=== WHAT YOU HAVE TO DO ===
Every line of the listing that contains the word "from" is to be copied out.

=== THE DATA ===
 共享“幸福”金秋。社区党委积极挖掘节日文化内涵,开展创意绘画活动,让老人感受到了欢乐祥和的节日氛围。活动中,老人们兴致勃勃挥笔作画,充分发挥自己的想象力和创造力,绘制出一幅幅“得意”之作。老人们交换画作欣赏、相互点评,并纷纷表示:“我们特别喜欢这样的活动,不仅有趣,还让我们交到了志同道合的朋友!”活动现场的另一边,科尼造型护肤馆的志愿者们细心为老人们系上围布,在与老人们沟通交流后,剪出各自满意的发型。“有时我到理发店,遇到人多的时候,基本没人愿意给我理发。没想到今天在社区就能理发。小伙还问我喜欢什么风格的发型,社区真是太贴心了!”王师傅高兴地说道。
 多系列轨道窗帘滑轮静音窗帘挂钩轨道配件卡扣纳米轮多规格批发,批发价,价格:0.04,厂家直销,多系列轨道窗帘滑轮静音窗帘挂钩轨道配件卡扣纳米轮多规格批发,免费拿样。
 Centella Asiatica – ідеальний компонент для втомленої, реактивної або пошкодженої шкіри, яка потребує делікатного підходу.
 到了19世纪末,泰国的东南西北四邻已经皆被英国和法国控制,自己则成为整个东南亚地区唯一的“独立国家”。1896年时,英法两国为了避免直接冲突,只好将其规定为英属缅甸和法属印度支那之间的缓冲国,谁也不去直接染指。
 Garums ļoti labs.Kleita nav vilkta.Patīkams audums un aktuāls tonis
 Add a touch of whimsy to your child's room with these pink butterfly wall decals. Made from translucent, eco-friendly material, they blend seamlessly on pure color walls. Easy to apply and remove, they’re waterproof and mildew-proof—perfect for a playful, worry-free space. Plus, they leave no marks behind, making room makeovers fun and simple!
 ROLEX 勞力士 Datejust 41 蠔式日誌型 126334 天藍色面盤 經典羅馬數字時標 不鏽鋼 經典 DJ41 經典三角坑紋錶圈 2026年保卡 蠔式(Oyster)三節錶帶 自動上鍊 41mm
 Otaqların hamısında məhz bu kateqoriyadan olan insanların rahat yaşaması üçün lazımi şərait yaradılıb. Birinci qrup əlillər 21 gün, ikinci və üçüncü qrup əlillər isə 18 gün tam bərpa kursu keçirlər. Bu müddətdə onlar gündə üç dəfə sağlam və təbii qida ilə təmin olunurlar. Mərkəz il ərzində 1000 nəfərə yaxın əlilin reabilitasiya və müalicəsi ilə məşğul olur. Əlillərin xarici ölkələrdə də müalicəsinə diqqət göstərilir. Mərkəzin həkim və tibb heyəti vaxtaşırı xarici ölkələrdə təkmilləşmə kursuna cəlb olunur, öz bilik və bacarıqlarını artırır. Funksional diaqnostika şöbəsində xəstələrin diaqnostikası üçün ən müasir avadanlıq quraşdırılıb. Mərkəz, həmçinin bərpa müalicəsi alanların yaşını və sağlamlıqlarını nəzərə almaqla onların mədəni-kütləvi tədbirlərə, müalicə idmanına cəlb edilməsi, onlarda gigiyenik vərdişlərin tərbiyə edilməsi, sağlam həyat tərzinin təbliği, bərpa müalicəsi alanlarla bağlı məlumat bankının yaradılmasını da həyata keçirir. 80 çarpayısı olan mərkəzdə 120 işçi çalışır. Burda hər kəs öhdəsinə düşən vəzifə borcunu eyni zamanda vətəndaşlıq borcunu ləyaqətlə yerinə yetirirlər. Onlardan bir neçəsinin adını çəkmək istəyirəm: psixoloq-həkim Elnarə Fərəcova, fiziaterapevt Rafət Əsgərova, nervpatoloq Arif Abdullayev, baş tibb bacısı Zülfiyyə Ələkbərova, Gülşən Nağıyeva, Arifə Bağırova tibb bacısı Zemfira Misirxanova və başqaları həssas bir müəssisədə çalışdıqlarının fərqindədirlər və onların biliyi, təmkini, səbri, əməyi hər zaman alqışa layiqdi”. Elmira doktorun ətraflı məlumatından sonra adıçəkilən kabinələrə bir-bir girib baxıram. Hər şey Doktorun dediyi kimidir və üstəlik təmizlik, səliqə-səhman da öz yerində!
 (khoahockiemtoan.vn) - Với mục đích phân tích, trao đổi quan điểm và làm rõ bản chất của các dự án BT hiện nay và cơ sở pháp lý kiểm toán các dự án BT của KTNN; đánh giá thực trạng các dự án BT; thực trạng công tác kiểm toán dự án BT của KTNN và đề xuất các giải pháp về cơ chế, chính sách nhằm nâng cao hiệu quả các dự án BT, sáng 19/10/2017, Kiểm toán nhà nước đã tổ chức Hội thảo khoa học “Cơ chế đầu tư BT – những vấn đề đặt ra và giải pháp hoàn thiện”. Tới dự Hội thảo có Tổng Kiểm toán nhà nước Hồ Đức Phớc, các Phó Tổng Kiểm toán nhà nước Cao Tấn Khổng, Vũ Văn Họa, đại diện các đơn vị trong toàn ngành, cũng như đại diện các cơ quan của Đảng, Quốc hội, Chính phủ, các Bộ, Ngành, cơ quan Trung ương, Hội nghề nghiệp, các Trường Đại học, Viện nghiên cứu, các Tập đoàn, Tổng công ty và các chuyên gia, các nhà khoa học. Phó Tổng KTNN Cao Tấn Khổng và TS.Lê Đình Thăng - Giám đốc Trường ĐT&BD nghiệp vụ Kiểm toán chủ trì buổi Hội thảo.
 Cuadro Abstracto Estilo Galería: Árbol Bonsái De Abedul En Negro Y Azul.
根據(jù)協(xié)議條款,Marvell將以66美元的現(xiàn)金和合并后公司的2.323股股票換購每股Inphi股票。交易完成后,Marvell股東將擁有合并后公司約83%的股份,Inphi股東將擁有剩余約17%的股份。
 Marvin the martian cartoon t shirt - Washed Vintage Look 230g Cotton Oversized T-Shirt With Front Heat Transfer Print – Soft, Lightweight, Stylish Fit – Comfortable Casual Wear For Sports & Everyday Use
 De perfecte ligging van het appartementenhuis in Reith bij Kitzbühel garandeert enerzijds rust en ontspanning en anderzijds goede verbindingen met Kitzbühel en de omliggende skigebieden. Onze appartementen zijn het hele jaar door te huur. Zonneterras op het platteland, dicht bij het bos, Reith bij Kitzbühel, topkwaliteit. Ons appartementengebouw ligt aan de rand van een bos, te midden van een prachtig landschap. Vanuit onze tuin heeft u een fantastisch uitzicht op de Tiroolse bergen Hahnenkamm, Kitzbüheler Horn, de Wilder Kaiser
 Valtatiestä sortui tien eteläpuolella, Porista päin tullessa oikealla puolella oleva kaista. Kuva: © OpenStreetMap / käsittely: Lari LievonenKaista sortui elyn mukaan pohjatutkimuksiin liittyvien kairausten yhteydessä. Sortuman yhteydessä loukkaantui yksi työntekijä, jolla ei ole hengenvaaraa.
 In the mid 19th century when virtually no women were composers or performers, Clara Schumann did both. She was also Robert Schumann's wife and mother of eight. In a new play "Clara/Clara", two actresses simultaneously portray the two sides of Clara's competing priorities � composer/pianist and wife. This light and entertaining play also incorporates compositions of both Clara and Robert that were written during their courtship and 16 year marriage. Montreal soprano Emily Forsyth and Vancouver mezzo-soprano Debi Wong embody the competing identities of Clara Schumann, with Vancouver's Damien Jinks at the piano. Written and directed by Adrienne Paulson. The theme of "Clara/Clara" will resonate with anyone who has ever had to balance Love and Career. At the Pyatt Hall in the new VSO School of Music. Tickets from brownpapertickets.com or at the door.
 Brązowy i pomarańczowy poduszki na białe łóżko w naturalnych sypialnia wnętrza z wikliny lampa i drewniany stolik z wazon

=== WRITTEN RESPONSE ===
 Add a touch of whimsy to your child's room with these pink butterfly wall decals. Made from translucent, eco-friendly material, they blend seamlessly on pure color walls. Easy to apply and remove, they’re waterproof and mildew-proof—perfect for a playful, worry-free space. Plus, they leave no marks behind, making room makeovers fun and simple!
 In the mid 19th century when virtually no women were composers or performers, Clara Schumann did both. She was also Robert Schumann's wife and mother of eight. In a new play "Clara/Clara", two actresses simultaneously portray the two sides of Clara's competing priorities � composer/pianist and wife. This light and entertaining play also incorporates compositions of both Clara and Robert that were written during their courtship and 16 year marriage. Montreal soprano Emily Forsyth and Vancouver mezzo-soprano Debi Wong embody the competing identities of Clara Schumann, with Vancouver's Damien Jinks at the piano. Written and directed by Adrienne Paulson. The theme of "Clara/Clara" will resonate with anyone who has ever had to balance Love and Career. At the Pyatt Hall in the new VSO School of Music. Tickets from brownpapertickets.com or at the door.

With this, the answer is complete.